When Dave Burd was first starting out, he would fly home to visit his folks in the Philadelphia suburbs. They would be sitting around the dining room table, as families do, and he would ask them the question that every grown son must at some point ask his parents.
Mom, Dad, do you think I’m a comic genius?
“We would say, ‘No, not really. You’re funny, but not really a comic genius,’” his mom, Jeanne Burd, recalls. “He’d be furious at us and this became an issue. He would bring it up in front of his friend, Benny. ‘My mother and father don’t even think I’m a comic genius.’ And we’d be like, ‘You’re no Jerry Seinfeld. But you’re funny.’”
His friend Benny, the producer and hitmaking songwriter Benny Blanco, remembers this too. “Oh my God,” he says. “He’d be like, ‘Mom, Dad, am I a genius?’ And they’d be like, ‘Eh.’”

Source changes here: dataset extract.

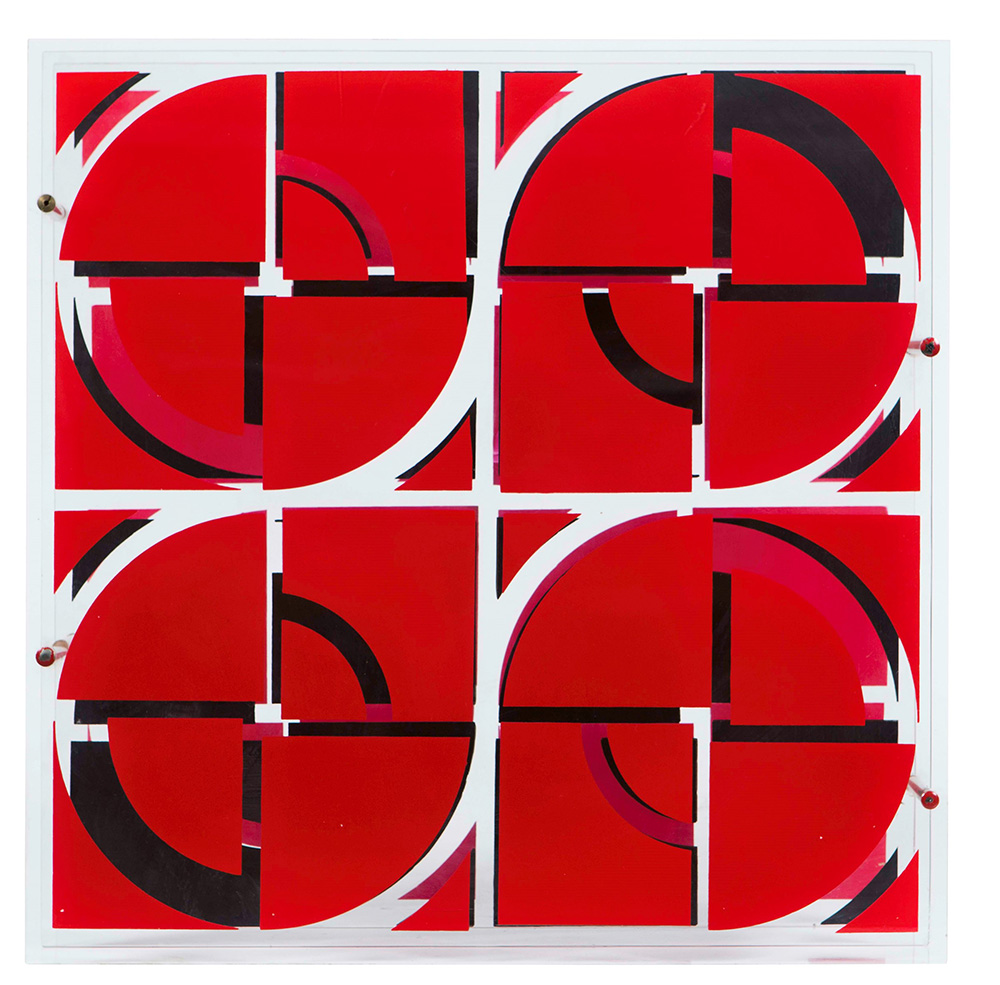 Giovanni Campus (1929), Senza Titolo, 1969 assemblaggio di pannelli in plexiglass serigrafati, cm 55x55 firmati e datati su ogni pannello , Provenienza: Centro Culturale Sincron, Brescia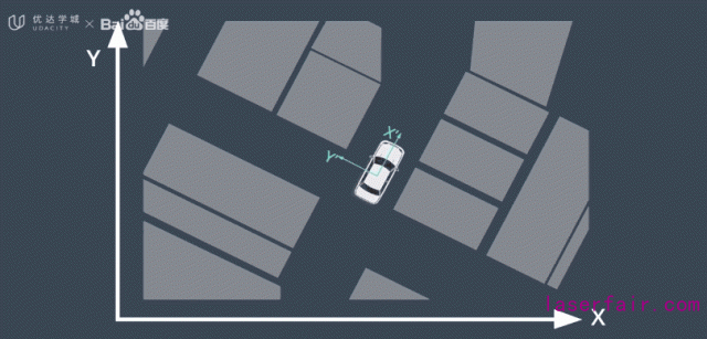 我們在車輛自身的坐標(biāo)系中測量這些距離,以及靜態(tài)障礙物的方向。在車輛自身的坐標(biāo)系中,汽車的前進(jìn)方向始終向前,當(dāng)汽車左轉(zhuǎn)或右轉(zhuǎn)時,坐標(biāo)系與汽車一同旋轉(zhuǎn),以使車輛的前進(jìn)方向在坐標(biāo)系中繼續(xù)向前。隨著車輛的轉(zhuǎn)彎,車輛自身的坐標(biāo)系必然與地圖坐標(biāo)不一致(見圖3),車輛的坐標(biāo)和地圖的坐標(biāo)可能都取決于手機導(dǎo)航系統(tǒng)中的設(shè)置。

This was back in his twenties, when Burd was primarily known as Lil Dicky, commandeering the internet with viral comedy rap songs like “Ex-Boyfriend” (about a man stricken with insecurity after meeting his girlfriend’s handsome ex), “Lemme Freak” (about a man who’s sexually frustrated within the confines of a long-term relationship), and “Classic Male Pregame” (about a man pregaming with other men). Crucially, this was before he created Dave, a more-than-semi-autobiographical show in which he plays a guy named Dave, working under the rap name Lil Dicky, who believes he is destined to become one of the greatest hip hop artists of all time.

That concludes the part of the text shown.